DFT calculation of electronic structures

All electronic structure calculations were performed using the Vienna ab initio simulation package (VASP)40,41. The exchange-correlation energy was described by the revised Perdew-Burke-Ernzerhof (RPBE) exchange functional42,43. The electronic wave functions were expanded in the plane-wave basis set with a kinetic energy cutoff of 520 eV. The effect of the core electrons was modeled by projector augmented-wave (PAW) potentials44. The Brillouin zone was sampled using a Monkhorst-Pack k-point mesh, and the k-point sampling was set to 8 × 8 × 8 for bulk structures and 4 × 4 × 1 for slab structures. The bulk crystal structures were modeled using a 2 × 2 × 2 supercell (e.g., fcc: 32 atoms and bcc: 16 atoms), and the slab crystal structures were simulated periodically with four layer cells. In slab structures calculations, a large vacuum spacing >15 Å was used to prevent inter-slab interactions, and the top most surface layer and sub-surface layer of the computational cell were geometrically relaxed such that the maximum force on each atom was less than 0.05 eV Å−1. Their DOS patterns were obtained after a geometry optimization process. We focused on the local DOS of the d orbitals in metals for simplicity, and every DOS normalized by the number of atoms in a periodic system was described as DOS = f (E − Ef), where E − Ef is the relative energy shift from the Fermi level (Ef). In addition, during the DFT calculations, we turned on the spin polarization effect to consider the magnetic properties of the metals. In representing the DOS patterns via our learning model, we applied our model separately for the up spin and the down spin.
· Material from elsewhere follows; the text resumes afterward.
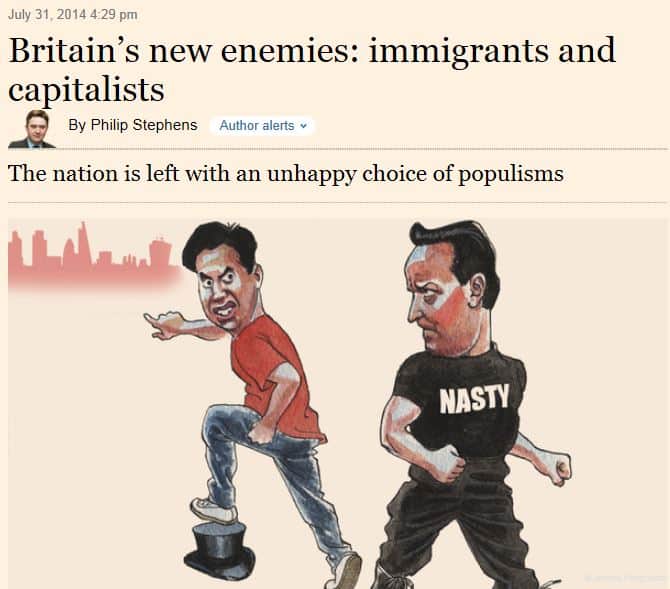 Philip Stephens kertoo toryjen kaampailevan muukalaisvihalla ja Labour nostattaa kapitalistikiukkua.

Pattern similarity calculation

The pattern similarity of our learning model was calculated through a comparison with the DFT results, in which the l2-norm was used. The pattern similarity σ is defined as follows:

$${\rm{\sigma }}=1-\frac{\sqrt{{\sum }_{m=1}^{M}{|{\rm{\rho }}^{\prime} ({E}_{m})-{\rm{\rho }}({E}_{m})|}^{2}}}{\sqrt{{\sum }_{m=1}^{M}{|{\rm{\rho }}({E}_{m})|}^{2}}}$$

where ρ′ and ρ are the DOS patterns obtained by our learning method and calculated by the DFT method, respectively. When σ is closer to 1, our method becomes more accurate.